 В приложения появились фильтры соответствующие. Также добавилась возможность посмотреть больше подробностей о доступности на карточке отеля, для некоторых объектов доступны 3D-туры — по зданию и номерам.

...

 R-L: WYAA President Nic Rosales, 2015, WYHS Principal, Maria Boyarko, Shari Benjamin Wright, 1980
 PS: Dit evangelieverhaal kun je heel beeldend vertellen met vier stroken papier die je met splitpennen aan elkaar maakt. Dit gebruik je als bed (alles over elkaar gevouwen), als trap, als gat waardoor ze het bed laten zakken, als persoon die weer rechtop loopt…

=== Your assignment ===
Look above for the line holding "R-L: WYAA President" and the line holding "PS: Dit evangelieverhaal", then output exactly those two lines and every line between them, nothing more.

=== Exercise solution ===
 R-L: WYAA President Nic Rosales, 2015, WYHS Principal, Maria Boyarko, Shari Benjamin Wright, 1980
 PS: Dit evangelieverhaal kun je heel beeldend vertellen met vier stroken papier die je met splitpennen aan elkaar maakt. Dit gebruik je als bed (alles over elkaar gevouwen), als trap, als gat waardoor ze het bed laten zakken, als persoon die weer rechtop loopt…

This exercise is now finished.